> _EXERCISE_:
Copy the material below verbatim from the line with "草本初色玻尿酸肌底衣女士抗静电保暖内衣薄款无痕秋衣秋裤套装女" to the line with "куриное мясо, домашняя", both lines included, omitting pictures and every line outside that range.

> _GIVEN DATA_:

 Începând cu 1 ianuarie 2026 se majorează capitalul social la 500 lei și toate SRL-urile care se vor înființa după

---

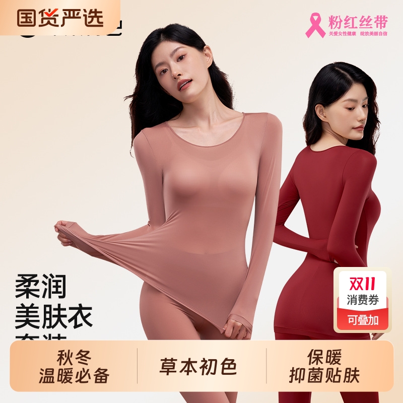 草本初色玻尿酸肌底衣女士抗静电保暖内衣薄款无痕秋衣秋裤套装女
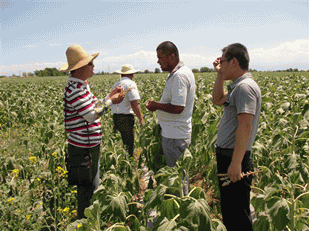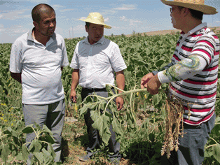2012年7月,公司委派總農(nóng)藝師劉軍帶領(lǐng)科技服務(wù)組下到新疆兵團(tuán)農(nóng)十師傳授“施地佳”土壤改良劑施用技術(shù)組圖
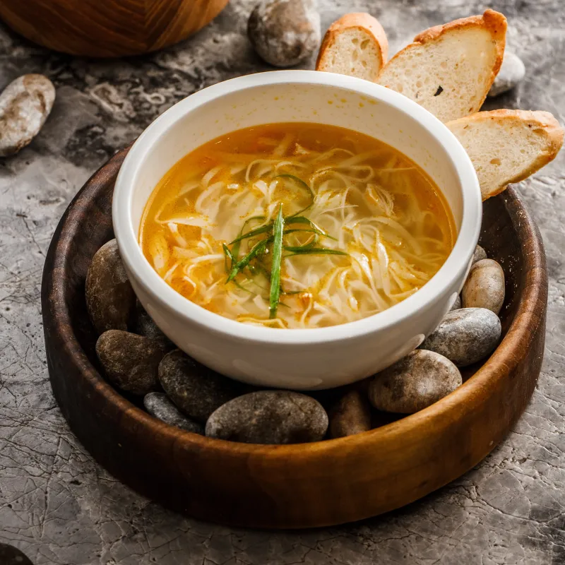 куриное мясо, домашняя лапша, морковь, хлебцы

* * *

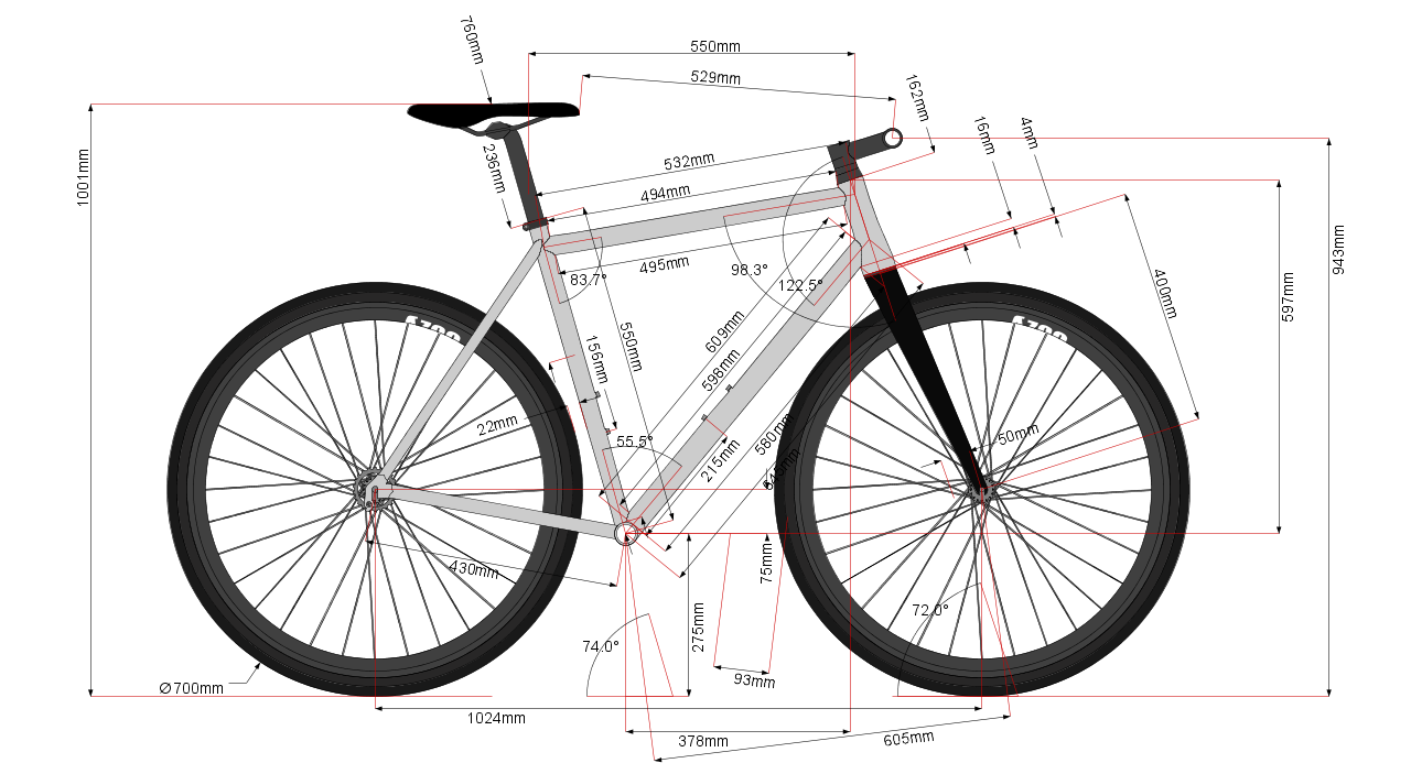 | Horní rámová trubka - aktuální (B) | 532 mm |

> _WRITTEN RESPONSE_:
 草本初色玻尿酸肌底衣女士抗静电保暖内衣薄款无痕秋衣秋裤套装女
2012年7月,公司委派總農(nóng)藝師劉軍帶領(lǐng)科技服務(wù)組下到新疆兵團(tuán)農(nóng)十師傳授“施地佳”土壤改良劑施用技術(shù)組圖
 куриное мясо, домашняя лапша, морковь, хлебцы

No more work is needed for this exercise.